Conjunto de datos nosotros_alquiler_ingresos contiene información sobre ingresos medios y alquileres para cada estado de EE. UU. para 2017 (conjunto de datos disponible en el paquete tidycenso).
us_rent_income
#> # A tibble: 104 x 5
#> GEOID NAME variable estimate moe
#> <chr> <chr> <chr> <dbl> <dbl>
#> 1 01 Alabama income 24476 136
#> 2 01 Alabama rent 747 3
#> 3 02 Alaska income 32940 508
#> 4 02 Alaska rent 1200 13
#> 5 04 Arizona income 27517 148
#> 6 04 Arizona rent 972 4
#> 7 05 Arkansas income 23789 165
#> 8 05 Arkansas rent 709 5
#> 9 06 California income 29454 109
#> 10 06 California rent 1358 3
#> # … with 94 more rows
En la forma en que se almacenan los datos en el conjunto de datos. nosotros_alquiler_ingresos trabajar con ellos es extremadamente inconveniente, por lo que nos gustaría crear un conjunto de datos con columnas: alquiler, alquiler_moe, cómo, ingresos_moe. Hay muchas formas de crear esta especificación, pero el punto principal es que necesitamos generar cada combinación de valores variables y estimación/mesy luego generar el nombre de la columna.
A veces, llevar un conjunto de datos al formato deseado requiere varios pasos.
Conjunto de datos banco_mundial_pop Contiene datos del Banco Mundial sobre la población de cada país entre 2000 y 2018.
Nuestro objetivo es crear un conjunto de datos ordenado con cada variable en su propia columna. No está claro exactamente qué pasos se necesitan, pero comenzaremos con el problema más obvio: el año se distribuye en varias columnas.
Para solucionar este problema es necesario utilizar la función pivot_longer().

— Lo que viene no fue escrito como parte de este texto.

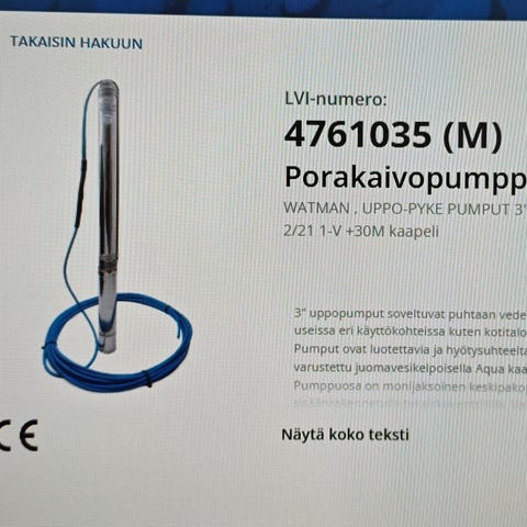 Myydään toimiva ja tehokas clean uppopumppu. 1100w ja max 25000l/h.
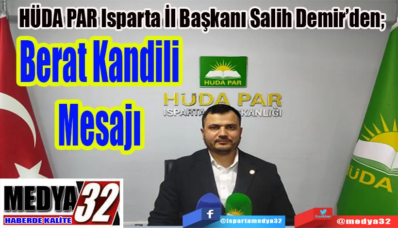 HÜDA PAR Isparta İl Başkanı Salih Demir, Berat Kandili dolayısıyla yayımladığı mesajda, bu mübarek gecenin manevi iklimine, toplumsal sorumluluklara ve Ramazan ayına hazırlığın önemine dikkat çekti.

El siguiente paso es observar la variable indicadora. pop2 %>% count(indicator)
#> # A tibble: 4 x 2
#> indicator n
#> <chr> <int>
#> 1 SP.POP.GROW 4752
#> 2 SP.POP.TOTL 4752
#> 3 SP.URB.GROW 4752
#> 4 SP.URB.TOTL 4752
Donde SP.POP.GROW es el crecimiento de la población, SP.POP.TOTL es la población total y SP.URB. *lo mismo, pero sólo para zonas urbanas. Dividamos estos valores en dos variables: área - área (total o urbana) y una variable que contiene datos reales (población o crecimiento):
Tabular esta lista es bastante difícil porque no existe una variable que identifique qué datos pertenecen a qué contacto. Podemos solucionar este problema observando que los datos de cada nuevo contacto comienzan con "nombre", por lo que podemos crear un identificador único e incrementarlo en uno cada vez que la columna del campo contenga el valor "nombre":
#> # A tibble: 6 x 3
#> field value person_id
#> <chr> <chr> <int>
#> 1 name Jiena McLellan 1
#> 2 company Toyota 1
#> 3 name John Smith 2
#> 4 company google 2
#> 5 email [email protected] 2
#> 6 name Huxley Ratcliffe 3
Ahora que tenemos una identificación única para cada contacto, podemos convertir el campo y el valor en columnas:
#> # A tibble: 3 x 4
#> person_id name company email
#> <int> <chr> <chr> <chr>
#> 1 1 Jiena McLellan Toyota <NA>
#> 2 2 John Smith google [email protected]
#> 3 3 Huxley Ratcliffe <NA> <NA>
Conclusión
Mi opinión personal es que el nuevo concepto ordenar verdaderamente más intuitivo y significativamente superior en funcionalidad a las funciones heredadas spread() и gather(). Espero que este artículo te haya ayudado a lidiar con pivot_longer() и pivot_wider().